For interactive data exploration (in the `SAMGUI.py` module), `jupyter`, `ipythonwidgets`, `colorlover`, `ipyevents`, and `plotly` are required. Install them in the previously made environment like so:

```
conda install -c conda-forge -c plotly jupyter ipywidgets plotly=4.0.0 colorlover ipyevents
```

### Enabling the SAM GUI in JupyterLab

If you use Jupyter Notebooks, these steps are not needed. If you would like to be able to run SAMGUI in JupyterLab, please do the following:

First install nodejs with:
`conda install nodejs`

To enable ipythonwidgets in Jupyter lab, please run the following:
```
jupyter labextension install @jupyter-widgets/jupyterlab-manager@1.0 --no-build
jupyter labextension install plotlywidget@1.1.0 --no-build
jupyter labextension install jupyterlab-plotly@1.1.0 --no-build
jupyter lab build
```

SAMGUI should now work in JupyterLab.

## Running the SAM GUI

The SAM GUI interface can be run in Jupyer notebooks with the following:

```
from samalg.gui import SAMGUI
sam_gui = SAMGUI(sam) # sam is your SAM object
sam_gui.SamPlot
```
Please see the plotting tutorial for more information about the GUI interface.
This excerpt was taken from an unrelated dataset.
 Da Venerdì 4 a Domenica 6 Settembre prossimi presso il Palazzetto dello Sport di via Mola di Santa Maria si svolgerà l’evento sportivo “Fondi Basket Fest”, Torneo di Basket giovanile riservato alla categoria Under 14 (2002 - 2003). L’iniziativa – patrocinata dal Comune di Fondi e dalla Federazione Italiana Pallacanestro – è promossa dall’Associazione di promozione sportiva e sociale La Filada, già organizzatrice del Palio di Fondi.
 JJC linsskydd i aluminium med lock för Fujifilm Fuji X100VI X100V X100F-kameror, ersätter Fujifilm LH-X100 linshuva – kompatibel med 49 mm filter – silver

![SAM GUI example image](samgui.png)

# Basic usage

There are a number of different ways to load data into the SAM object. 
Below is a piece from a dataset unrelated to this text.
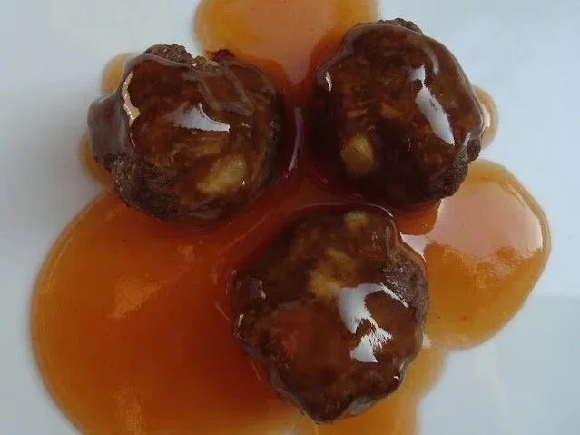 The meatballs are made with ground beef, egg, breadcrumbs, parmesan cheese, etc. and baked in the oven. Pretty standard. The sweet and sour sauce though, is pure caker:

## Using the SAM constructor
### Using preloaded scipy.sparse or numpy expression matrix, gene IDs, and cell IDs:
```
from samalg import SAM #import SAM
sam=SAM(counts=(matrix,geneIDs,cellIDs))
sam.preprocess_data() # log transforms and filters the data
sam.run() #run with default parameters
sam.scatter()
```
### Using preloaded pandas.DataFrame (cells x genes):
```
from samalg import SAM #import SAM
sam=SAM(counts=dataframe)
sam.preprocess_data() # log transforms and filters the data
sam.run() #run with default parameters
sam.scatter()
```

### Using an existing AnnData object:
```
from samalg import SAM #import SAM
sam=SAM(counts=adata)
sam.preprocess_data() # log transforms and filters the data
sam.run() #run with default parameters
sam.scatter()
```

## Using the `load_data` function
### Loading data from a tabular file (e.g. csv or txt):
```
from samalg import SAM #import SAM
sam=SAM() #initialize SAM object
sam.load_data('/path/to/expression_data_file.csv') #load data from a csv file
#sam.load_data('/path/to/expression_data_file.txt', sep='\t') #load data from a txt file with tab delimiters
sam.preprocess_data() # log transforms and filters the data
sam.load_annotations('/path/to/annotations_file.csv')
sam.run()
sam.scatter()
```
### Loading an existing AnnData `h5ad` file: 

If loading tabular data (e.g. from a `csv`), `load_data` by default saves the sparse data structure to a `h5ad` file in the same location as the tabular file for faster loading in subsequent analyses. This file can be loaded as:

```
from samalg import SAM #import SAM
sam=SAM() #initialize SAM object
sam.load_data('/path/to/h5ad_file.h5ad') #load data from a h5ad file
sam.preprocess_data() # log transforms and filters the data
sam.run()
sam.scatter()
```

### Saving/Loading SAM
If you wish to save the SAM outputs and raw and filtered data, you can write `sam.adata` to a `h5ad` file as follows:
`sam.save_anndata(filename)`.

You can load this data back with `sam.load_data`:
`sam.load_data(filename)`

## Citation
If using the SAM algorithm, please cite the following eLife paper:
https://elifesciences.org/articles/48994

```
Tarashansky, A. J. et al. Self-assembling manifolds in single-cell RNA sequencing data. eLife 8, e48994 (2019).
```

## Adding extra functionality
As always, please submit a new issue if you would like to see any functionalities / convenience functions / etc added.